# TRY IT
Without the pictures, retype each line below exactly as it stands.

# DATA EXTRACT
[Start of Attachment]

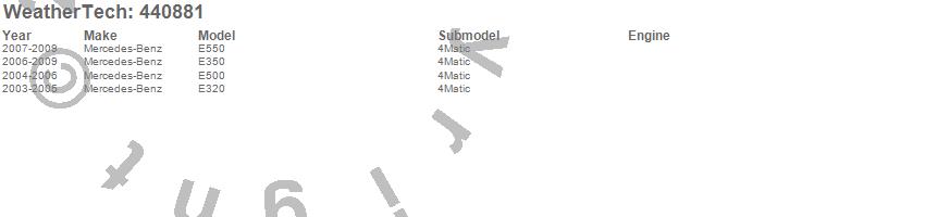Below is an abbreviated list of applications for the FloorLiner DigitalFit.E320, E350, E500, E550, Mercedes-Benz, 2009, 2008, 2007, 2006, 2005, 2004, 2003
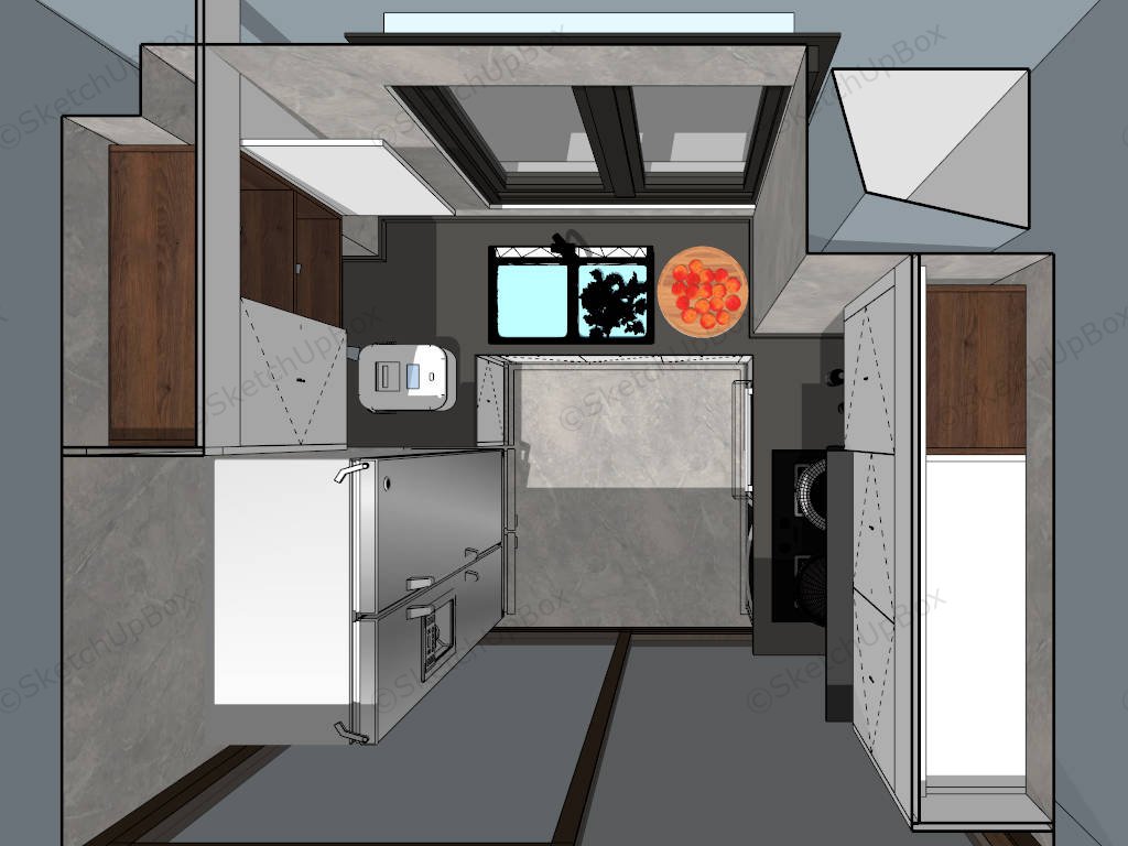 Small square kitchen design ideas sketchup 3d model for interior design, white kitchen cabinets and black countertops, double sink, double door refrigerator and other kitchen appliances.
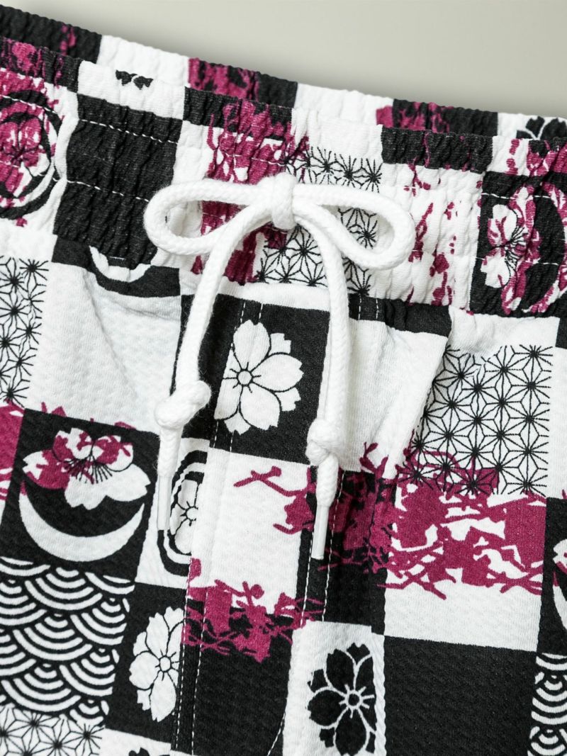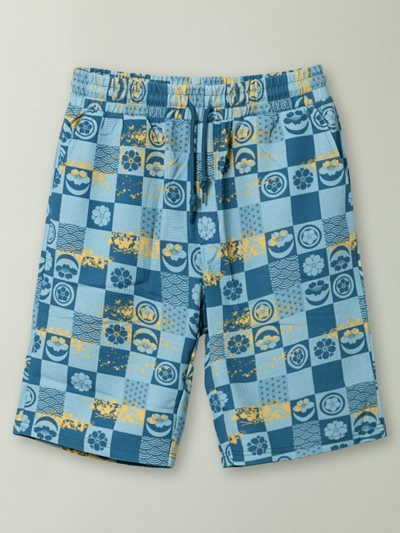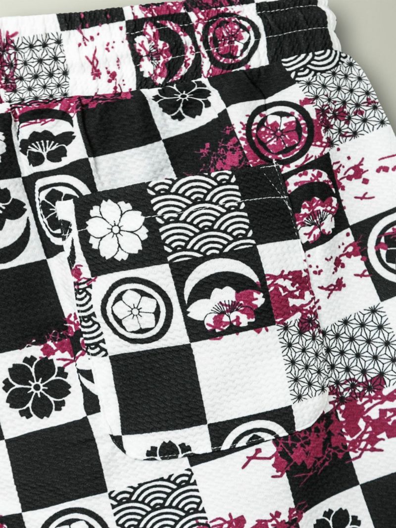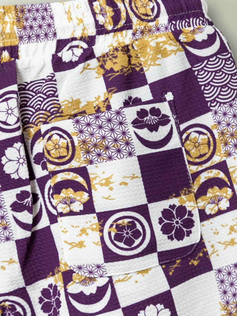 - 【新主己】“市松模様×家紋”総柄プリント ワッフル素材ショーツ≪返品・取寄対応不可≫

[End of Attachment]

# SOLUTION FOR THIS TASK
Below is an abbreviated list of applications for the FloorLiner DigitalFit.E320, E350, E500, E550, Mercedes-Benz, 2009, 2008, 2007, 2006, 2005, 2004, 2003
 Small square kitchen design ideas sketchup 3d model for interior design, white kitchen cabinets and black countertops, double sink, double door refrigerator and other kitchen appliances.
 - 【新主己】“市松模様×家紋”総柄プリント ワッフル素材ショーツ≪返品・取寄対応不可≫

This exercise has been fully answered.